- [WORK TO BE COMPLETED]: Your output is to hold only the lines from the one showing "Paired your cream" through the end of the listing, exactly, with every picture excluded.

- [INPUT FOR THIS TASK]:
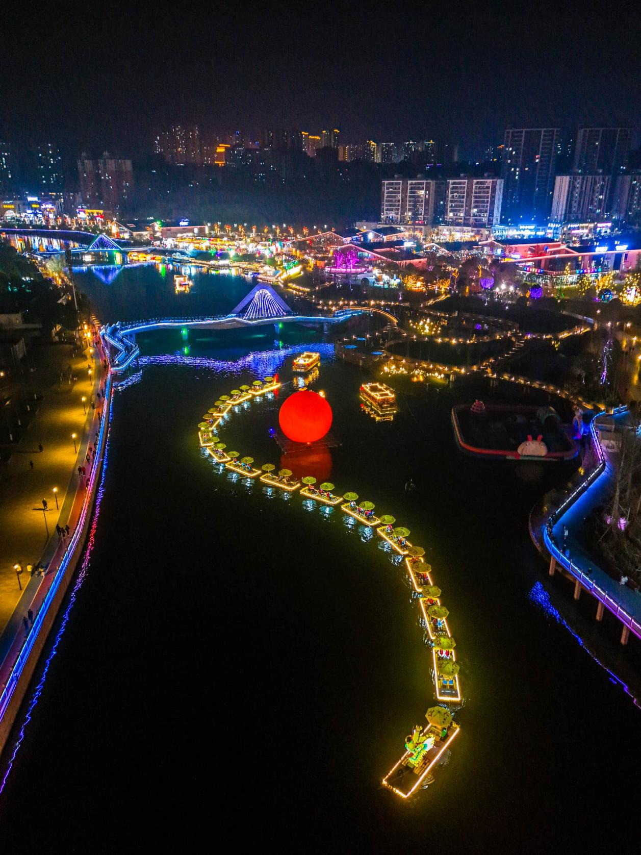 夜晚,广安賨城里上新的“西溪一条龙”联排竹筏项目惊艳亮相。多艘单体竹筏首尾相接,宛如一条光影巨龙缓缓离岸,航线往返约2公里,既能体验夜间光影,又可欣赏沿岸精彩表演,搭配打铁花等特色表演,年味更足。
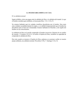 El documento habla sobre la sabiduría que las mujeres necesitan para edificar su casa según el versículo de Proverbios 14:1. Explica que la sabiduría bíblica se refiere a la habilidad para construir una vida exitosa. También describe las características de la sabiduría terrenal versus la sabiduría de Dios, la cual requiere una relación con Él y vivir libre de pecado. Finalmente, detalla algunas cualidades de la sabiduría como la paz, la amabilidad y la misericordia que son
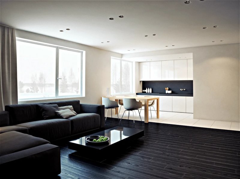 Даже самую маленькую квартиру в хрущевке можно сделать стильной студией в минималистическом стиле, особенно, если есть возможность убрать все внутренние перегородки. Разделение зон в этом случае проводят с помощью различных контрастирующих напольных материалов. Нужного эффекта можно добиться при использовании разного цвета и фактуры.
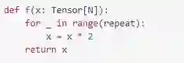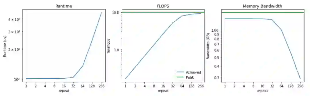 以一个PyTorch函数为例,并用融合编译器对其进行基准测试,然后就可以计算出不同的重复值所达到的FLOPS和内存带宽。
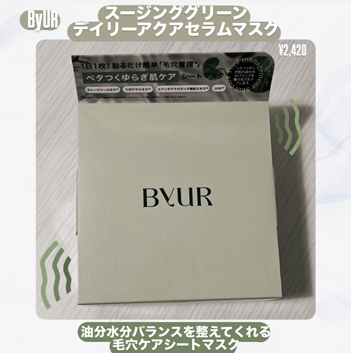 💚ByUR バイユアスージンググリーンデイリーアクアセラムマスク💚前回のメガ割で購入しました!!! シートの肌当たりがよくて使いやすいです✨薄めのシートでぴったり貼れるのがお気に入りです🫶 リピート予定です!!#ByUR#バイユア#スージング...
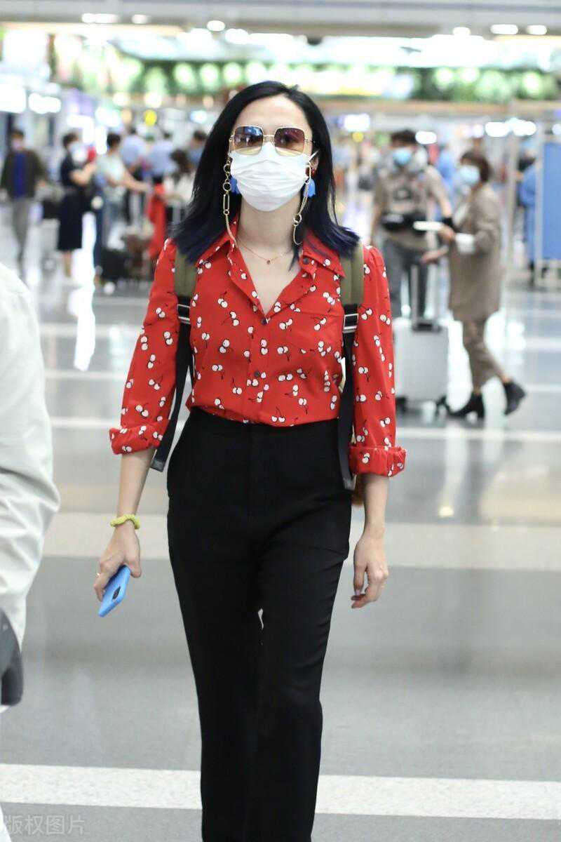 姚晨,红色印花衬衫+黑色开衩裤+小白鞋+链条墨镜个性优雅。
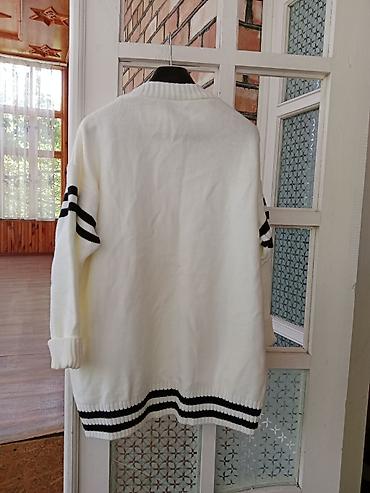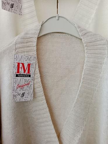 Теплый женский кардиган цвета молочный/айвори. - Свободный крой, укороченная длина до талии - Глубокий V-образный вырез - Застежка на три крупные металлические пуговицы спереди - Длинные рукава с ...
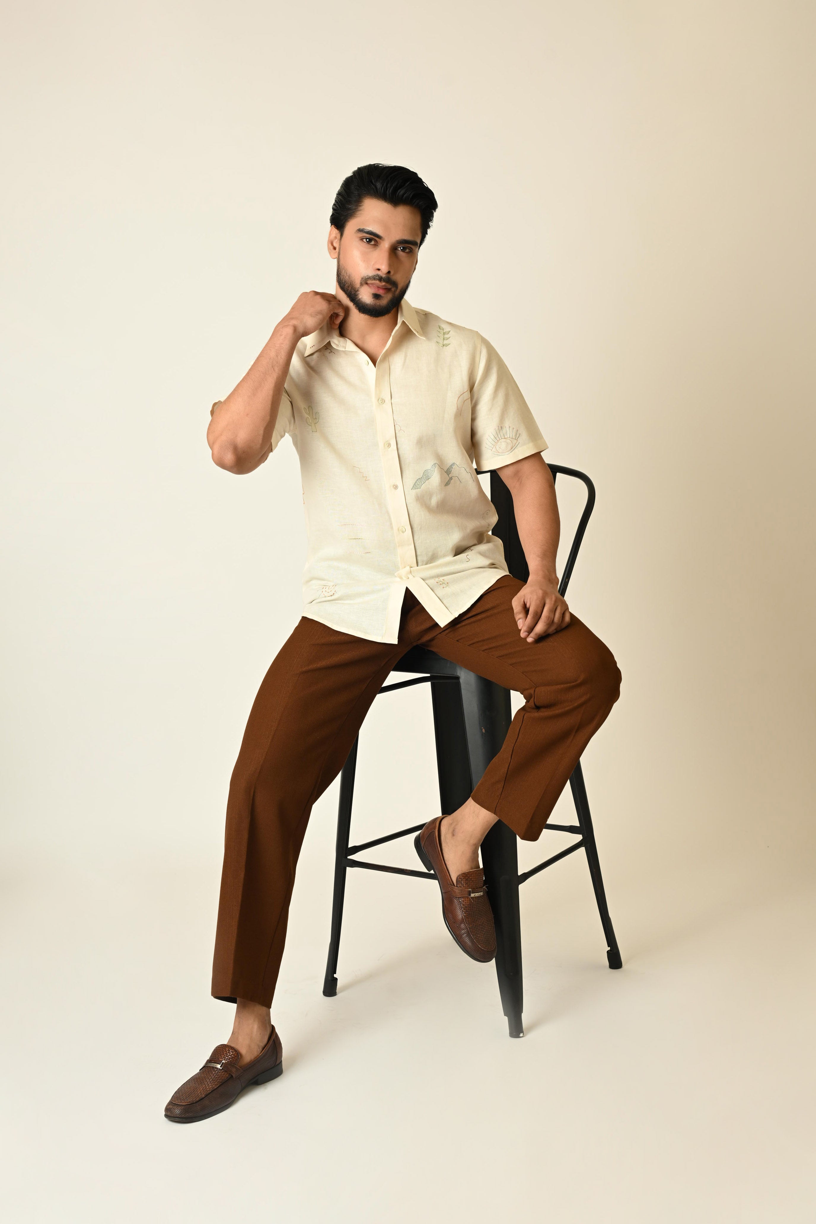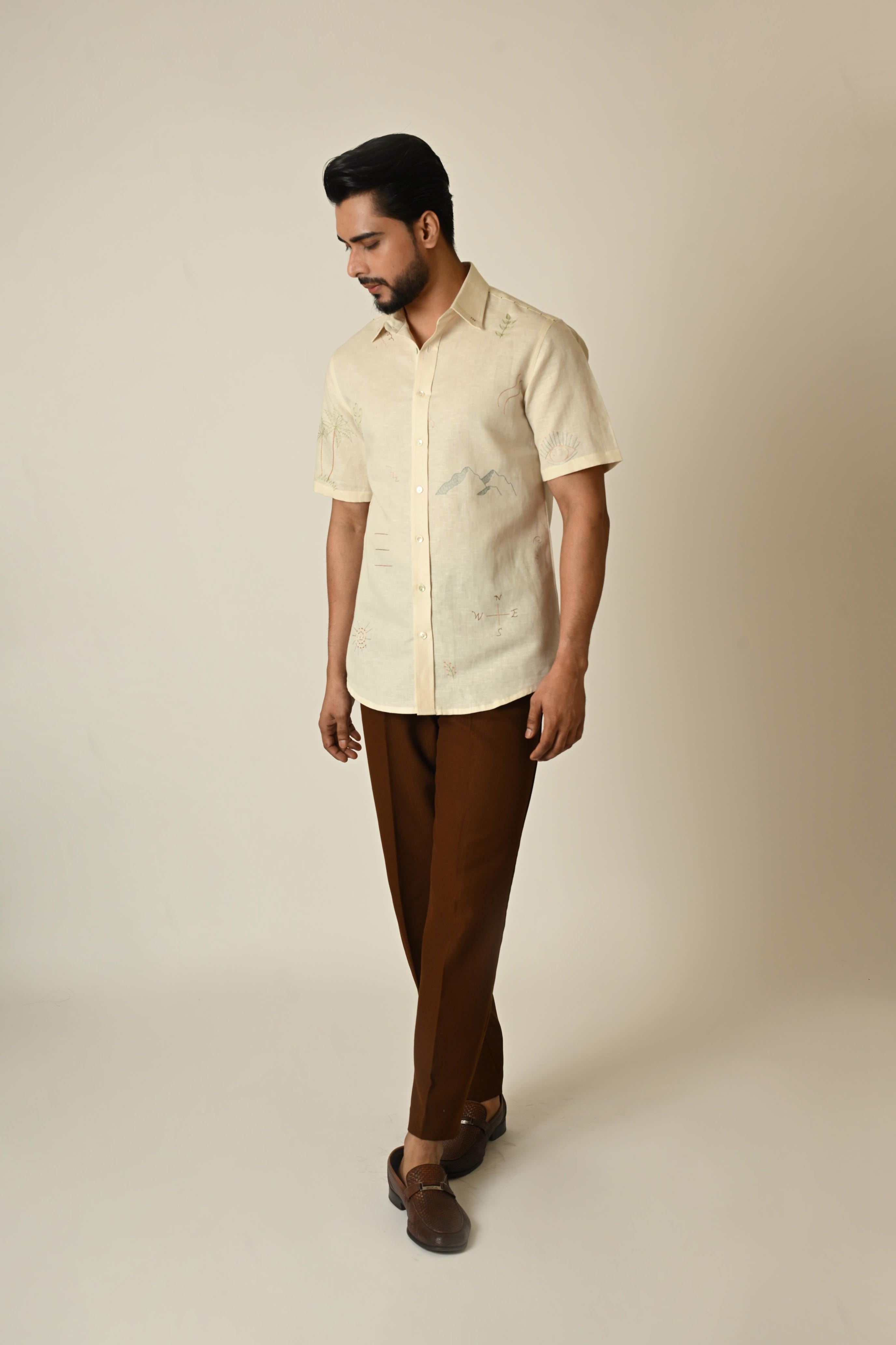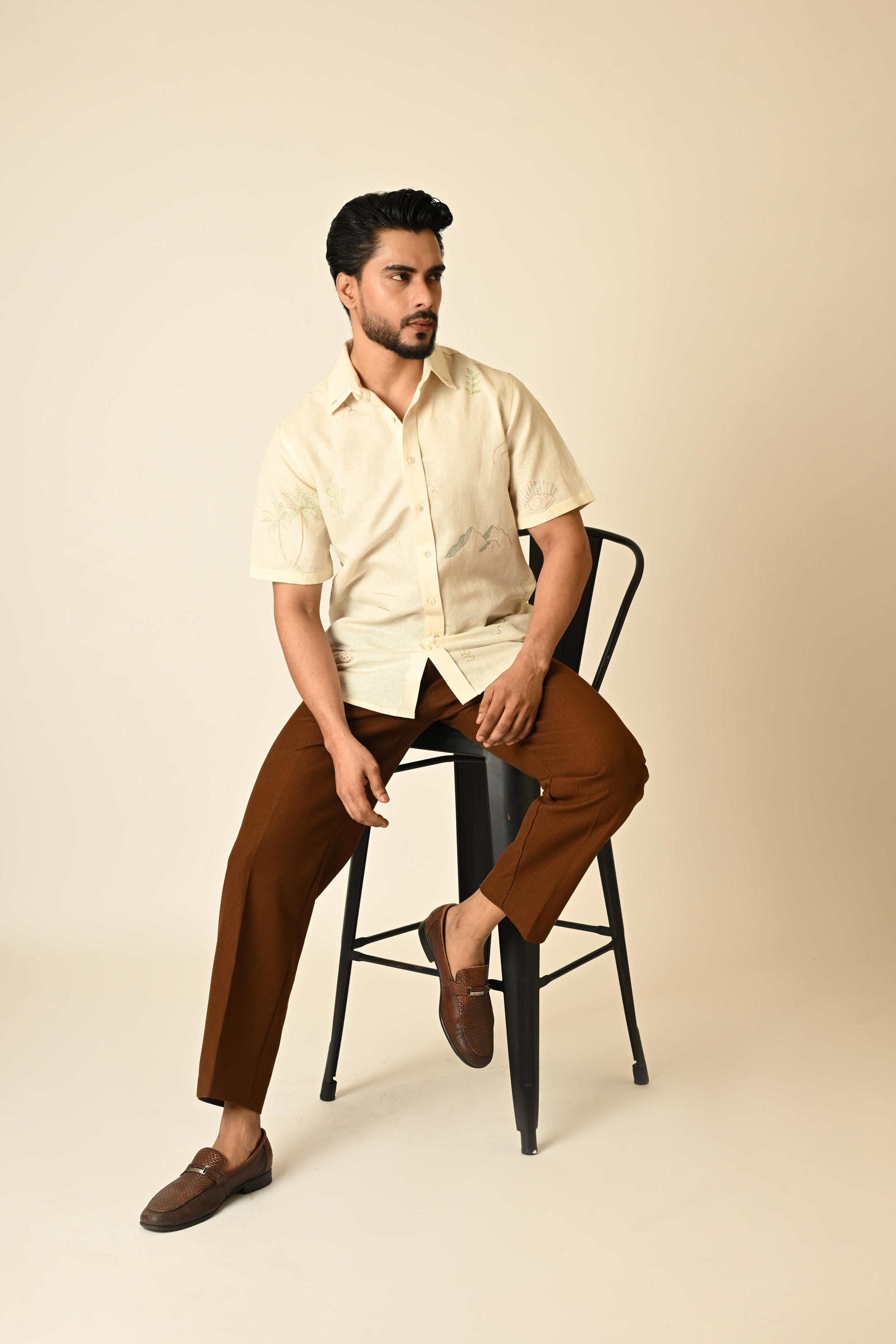 Paired your cream colour pure linen shirt with brown trouser for enhance your look.
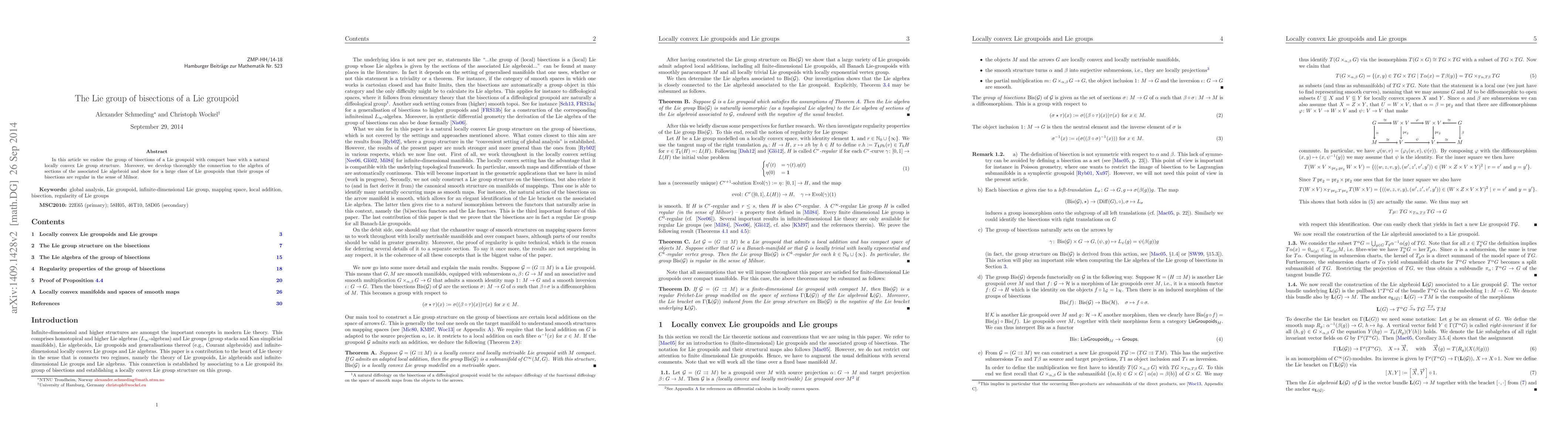 This paper establishes a locally convex Lie group structure on the group of bisections of a compact-based Lie groupoid and explores its connection to the associated Lie algebroid's algebra, proving that for many Lie groupoids, their bisection groups are regular.

- [EXERCISE ANSWER]:
 Paired your cream colour pure linen shirt with brown trouser for enhance your look.
 This paper establishes a locally convex Lie group structure on the group of bisections of a compact-based Lie groupoid and explores its connection to the associated Lie algebroid's algebra, proving that for many Lie groupoids, their bisection groups are regular.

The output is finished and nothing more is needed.